Data

Information of our data is described in the Method section of the manuscript and the supplementary materials. All the data are also publicly available from https://github.com/jaydu1/VITAE/tree/master/data.

Code

Dependency

Our Python package is available on PyPI and the user can install the CPU version with the following command:

>> pip install pyvitae==2.0.1

For reproducing the results, please use version v2.0.1.

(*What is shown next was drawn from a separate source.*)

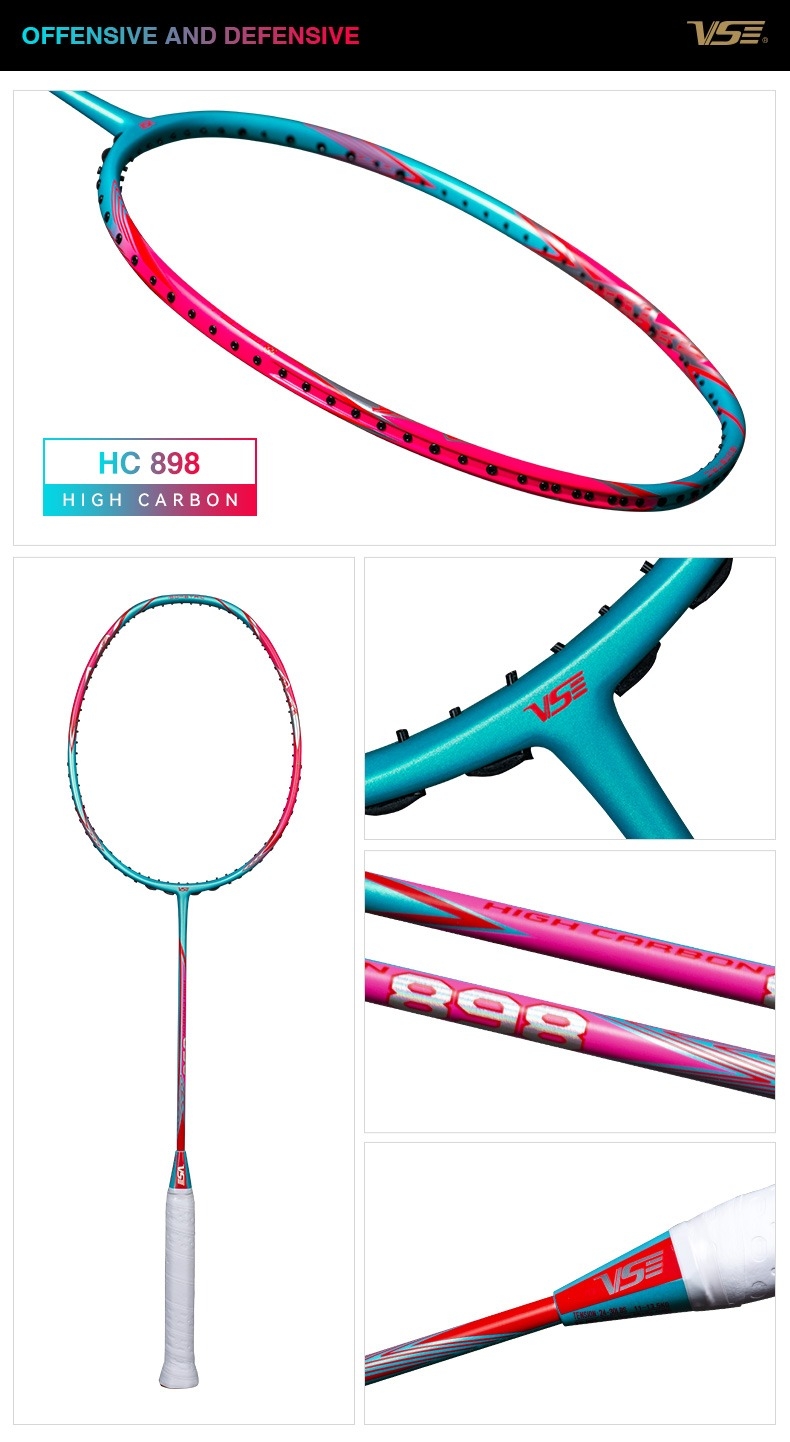 Vợt cầu lông VS High Carbon HC898 được thương hiệu VS nghiên cứu và phát triển nhằm phục vụ nhu cầu tập luyện và thi đấu với cường độ cao. Sản phẩm hướng đến những người chơi mong muốn một cây vợt có trọng lượng nhẹ, độ ổn định cao và hiệu suất sử dụng lâu dài.

To enable GPU for TensorFlow, one should install CUDA dependencies and the tensorflow-gpu package. We also recommend using conda, miniconda, or virtualenv to manage the Python environment and install the package in a new environment.

One can also install all dependencies by hand and use the source code in the GitHub repo.

package	version
Python	>=3.7.0
tensorflow	>=2.3.0
tensorflow-probability	>=0.11.0
pandas	>=1.1.5
jupyter	>=1.0.0
umap-learn	>=0.4.6
matplotlib	>=3.3.3
numba	>=0.52.0
seaborn	>=0.11.0
scikit-learn	>=0.23.2
scikit-misc	>=0.1.3
statsmodels	>= 0.12.1
louvain	>=0.7.0
networkx	>=2.5
scanpy	>=1.8.2

For reproducing the results in the manuscript, the following versions of the R language and packages are needed:

package	version
R	>=4.0.2
Seurat	>=3.2.2
slingshot	>=1.9.1
dyno	>=0.1.2
dplyr	>=1.0.2
tidyverse	>=1.3.0
purrr	>=0.3.4
AnnotationHub	>=2.20.2
Matrix	>=1.2-18
data.table	>=1.13.2
sandwich	>=3.0-0
lmtest	>=0.9-38
ggplot2	>=3.3.2
ggpubr	>=0.4.0
cowplot	>=1.1.0
hdf5r	>=1.3.3

Benchmarking with Real and Synthetic Datasets

The folder Benchmarking with Real and Synthetic Datasets contains code to reproduce results in Section 5 of the manuscript.

run_other_methods.R: Run PAGA, monocle 3, and slingshot on all datasets. To run the new version of PAGA and monocle 3, one would need to create TI methods from docker with dyno (see https://dynverse.org/developers/creating-ti-method/create_ti_method_container/). The source code for them is in the folder ti_methods.
evaluate_other_methods.py: Evaluate the trajectory inference results from other methods.
run_and_evaluate_VITAE_Gaussian.py: Run VITAE using Gaussian likelihood with different random seeds and record the evaluation result.
run_and_evaluate_VITAE_NB.py: Run VITAE using Negative Binomial likelihood with different random seeds and record the evaluation result.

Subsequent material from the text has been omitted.